This article explains the example code for writing a Python crawler to crawl a GIF on a comic, with sample code Python3, using the Urllib module, request module, and BeautifulSoup module, and the friends you need can refer to
This article is to introduce the crawler is to crawl the cartoon gif funny image, convenient offline viewing. The crawler was developed by python3.3, and was mainly used in Urllib, request and BeautifulSoup modules.
The Urllib module provides a high-level interface for fetching data from the World Wide Web, and when we open a URL with Urlopen (), it is equivalent to opening a file with Python's built-in open ().

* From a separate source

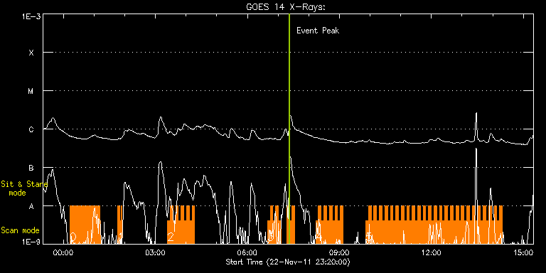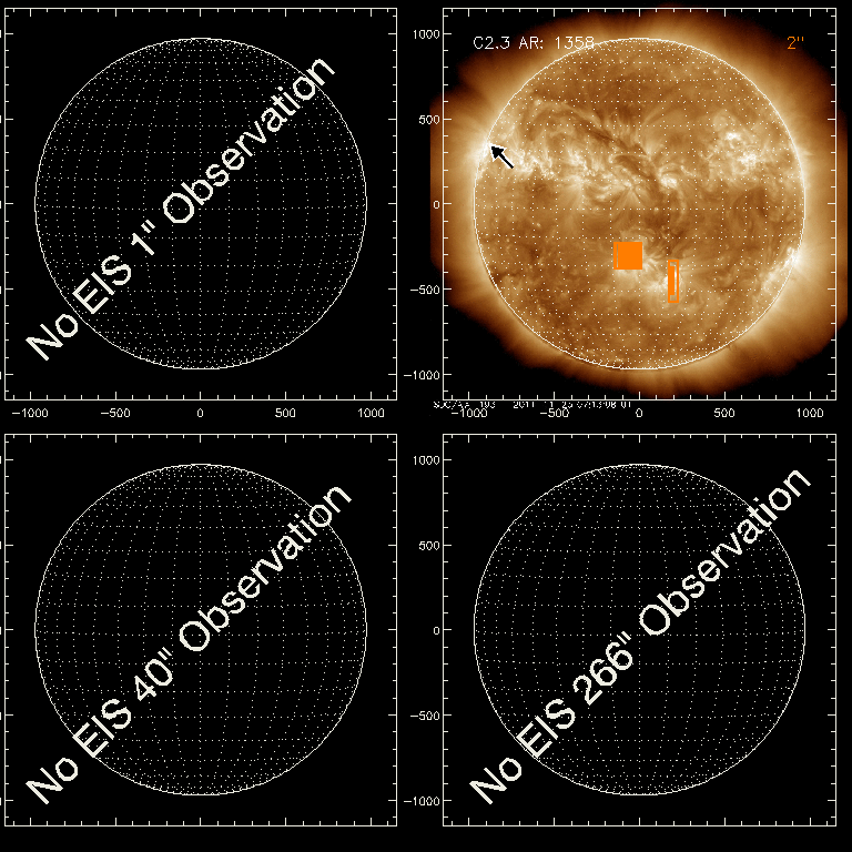 EIS Observation timeline overlay to GOES-Xray curve Code 1" 2" 40" 266" EIS Observations list for this event: STUDY ACRONYM ID DATE OBSERVED DESCRIPTION NOAA# TARGET 0 DRW_Alf_01 | 25078 | 2011/11/23 00:12:44 | HOP128 AR | 1352 | Active Region TIMELINE ID DATE OBSERVED FITS FILE XCEN (+W/-E) YCEN (+N/-S) DUR ----------------------------------------------------------------------------------------------------------------- 25078 | 2011/11/23 00:12:44.000 | eis_l0_20111123_001244.fits.gz | 188.24 | -454.72 | 1m8s 25078 | 2011/11/23 00:13:55.000 | eis_l0_20111123_001355.fits.gz | 188.47 | -454.56 | 1m8s 25078 | 2011/11/23 00:15:06.000 | eis_l0_20111123_001506.fits.gz | 188.63 | -454.56 | 1m8s 25078 | 2011/11/23 00:16:17.000 | eis_l0_20111123_001617.fits.gz | 188.78 | -454.72 | 1m9s 25078 | 2011/11/23 00:17:28.000 | eis_l0_20111123_001728.fits.gz | 188.94 | -454.64 | 1m9s 25078 | 2011/11/23 00:18:40.000 | eis_l0_20111123_001840.fits.gz | 189.09 | -454.64 | 1m8s 25078 | 2011/11/23 00:19:51.000 | eis_l0_20111123_001951.fits.gz | 189.25 | -454.56 | 1m8s 25078 | 2011/11/23 00:21:02.000 | eis_l0_20111123_002102.fits.gz | 189.32 | -454.56 | 1m8s 25078 | 2011/11/23 00:22:13.000 | eis_l0_20111123_002213.fits.gz | 189.48 | -454.64 | 1m8s 25078 | 2011/11/23 00:23:24.000 | eis_l0_20111123_002324.fits.gz | 189.71 | -454.64 | 1m8s 25078 | 2011/11/23 00:24:35.000 | eis_l0_20111123_002435.fits.gz | 189.87 | -454.64 | 1m9s 25078 | 2011/11/23 00:25:46.000 | eis_l0_20111123_002546.fits.gz | 190.02 | -454.56 | 1m9s 25078 | 2011/11/23 00:26:57.000 | eis_l0_20111123_002657.fits.gz | 190.17 | -454.56 | 1m9s 25078 | 2011/11/23 00:28:09.000 | eis_l0_20111123_002809.fits.gz | 190.40 | -454.72 | 1m8s 25078 | 2011/11/23 00:29:20.000 | eis_l0_20111123_002920.fits.gz | 190.48 | -454.72 | 1m9s 25078 | 2011/11/23 00:30:31.000 | eis_l0_20111123_003031.fits.gz | 190.71 | -454.64 | 1m9s 25078 | 2011/11/23 00:31:43.000 | eis_l0_20111123_003143.fits.gz | 190.79 | -454.72 | 1m8s 25078 | 2011/11/23 00:32:54.000 | eis_l0_20111123_003254.fits.gz | 190.95 | -454.64 | 1m8s 25078 | 2011/11/23 00:34:05.000 | eis_l0_20111123_003405.fits.gz | 191.02 | -454.56 | 1m8s 25078 | 2011/11/23 00:35:16.000 | eis_l0_20111123_003516.fits.gz | 191.26 | -454.64 | 1m9s 25078 | 2011/11/23 00:36:28.000 | eis_l0_20111123_003628.fits.gz | 191.49 | -454.56 | 1m8s 25078 | 2011/11/23 00:37:39.000 | eis_l0_20111123_003739.fits.gz | 191.64 | -454.64 | 1m8s 25078 | 2011/11/23 00:38:50.000 | eis_l0_20111123_003850.fits.gz | 191.80 | -454.64 | 1m9s 25078 | 2011/11/23 00:40:01.000 | eis_l0_20111123_004001.fits.gz | 191.95 | -454.64 | 1m9s 25078 | 2011/11/23 00:41:13.000 | eis_l0_20111123_004113.fits.gz | 192.10 | -454.64 | 1m8s 25078 | 2011/11/23 00:42:24.000 | eis_l0_20111123_004224.fits.gz | 192.26 | -454.56 | 1m8s 25078 | 2011/11/23 00:43:35.000 | eis_l0_20111123_004335.fits.gz | 192.34 | -454.72 | 1m8s 25078 | 2011/11/23 00:44:46.000 | eis_l0_20111123_004446.fits.gz | 192.57 | -454.72 | 1m9s 25078 | 2011/11/23 00:45:57.000 | eis_l0_20111123_004557.fits.gz | 192.65 | -454.64 | 1m9s 25078 | 2011/11/23 00:47:09.000 | eis_l0_20111123_004709.fits.gz | 192.88 | -454.56 | 1m8s 25078 | 2011/11/23 00:48:20.000 | eis_l0_20111123_004820.fits.gz | 192.96 | -454.64 | 1m8s 25078 | 2011/11/23 00:49:31.000 | eis_l0_20111123_004931.fits.gz | 193.19 | -454.64 | 1m9s 25078 | 2011/11/23 00:50:42.000 | eis_l0_20111123_005042.fits.gz | 193.34 | -454.64 | 1m9s 25078 | 2011/11/23 00:51:54.000 | eis_l0_20111123_005154.fits.gz | 193.49 | -454.56 | 1m8s 25078 | 2011/11/23 00:53:05.000 | eis_l0_20111123_005305.fits.gz | 193.57 | -454.64 | 1m8s 25078 | 2011/11/23 00:54:16.000 | eis_l0_20111123_005416.fits.gz | 193.80 | -454.48 | 1m8s 25078 | 2011/11/23 00:55:27.000 | eis_l0_20111123_005527.fits.gz | 193.96 | -454.48 | 1m8s 25078 | 2011/11/23 00:56:38.000 | eis_l0_20111123_005638.fits.gz | 194.19 | -454.48 | 1m8s 25078 | 2011/11/23 00:57:49.000 | eis_l0_20111123_005749.fits.gz | 194.35 | -454.64 | 1m9s 25078 | 2011/11/23 00:59:00.000 | eis_l0_20111123_005900.fits.gz | 194.50 | -454.56 | 1m9s 25078 | 2011/11/23 01:00:12.000 | eis_l0_20111123_010012.fits.gz | 194.65 | -454.56 | 1m8s 25078 | 2011/11/23 01:01:23.000 | eis_l0_20111123_010123.fits.gz | 194.81 | -454.64 | 1m8s 25078 | 2011/11/23 01:02:34.000 | eis_l0_20111123_010234.fits.gz | 194.96 | -454.64 | 1m9s 25078 | 2011/11/23 01:03:45.000 | eis_l0_20111123_010345.fits.gz | 195.12 | -454.64 | 1m9s 25078 | 2011/11/23 01:04:56.000 | eis_l0_20111123_010456.fits.gz | 195.27 | -454.64 | 1m9s 25078 | 2011/11/23 01:06:08.000 | eis_l0_20111123_010608.fits.gz | 195.50 | -454.56 | 1m8s 25078 | 2011/11/23 01:07:19.000 | eis_l0_20111123_010719.fits.gz | 195.58 | -454.56 | 1m9s 25078 | 2011/11/23 01:08:30.000 | eis_l0_20111123_010830.fits.gz | 195.74 | -454.48 | 1m9s 25078 | 2011/11/23 01:09:42.000 | eis_l0_20111123_010942.fits.gz | 195.81 | -454.56 | 1m8s 25078 | 2011/11/23 01:10:53.000 | eis_l0_20111123_011053.fits.gz | 196.04 | -454.64 | 1m8s 1 SK_AR2_50x240p | 25079 | 2011/11/23 01:46:13 | HOP128 AR | 1352 | Active Region TIMELINE ID DATE OBSERVED FITS FILE XCEN (+W/-E) YCEN (+N/-S) DUR ----------------------------------------------------------------------------------------------------------------- 25079 | 2011/11/23 01:46:13.000 | eis_l0_20111123_014613.fits.gz | 200.76 | -454.41 | 1m31s 25079 | 2011/11/23 01:47:47.000 | eis_l0_20111123_014747.fits.gz | 200.91 | -454.33 | 1m30s 25079 | 2011/11/23 01:49:20.000 | eis_l0_20111123_014920.fits.gz | 201.14 | -454.41 | 1m30s 25079 | 2011/11/23 01:50:53.000 | eis_l0_20111123_015053.fits.gz | 201.45 | -454.48 | 1m31s 25079 | 2011/11/23 01:52:27.000 | eis_l0_20111123_015227.fits.gz | 201.53 | -454.33 | 1m30s 2 HH_Flare+AR_180x152 | 25089 | 2011/11/23 03:23:27 | Flare Hunting and AR study | 1354 | Flare TIMELINE ID DATE OBSERVED FITS FILE XCEN (+W/-E) YCEN (+N/-S) DUR ----------------------------------------------------------------------------------------------------------------- 25089 | 2011/11/23 03:23:27.

But the difference is that the former receives a URL as a parameter, and there is no way to do a seek operation on the open file stream (from the bottom-up point of view, because it is actually the socket, so there is no way to do the seek operation), and the latter receives a local file name.
Python's BeautifulSoup module that can help you implement HTML and XML parsing
First of all, generally write web crawler, that is, crawl Web page HTML source content, and then analyze, extract the corresponding content.
This work of parsing HTML content, if only with ordinary regular expression re module to go a little match, for the content of simple page analysis, or basic enough.
But for a lot of work, to parse the content of the complex HTML, then with the RE module, you will find that can not be achieved, or difficult to achieve.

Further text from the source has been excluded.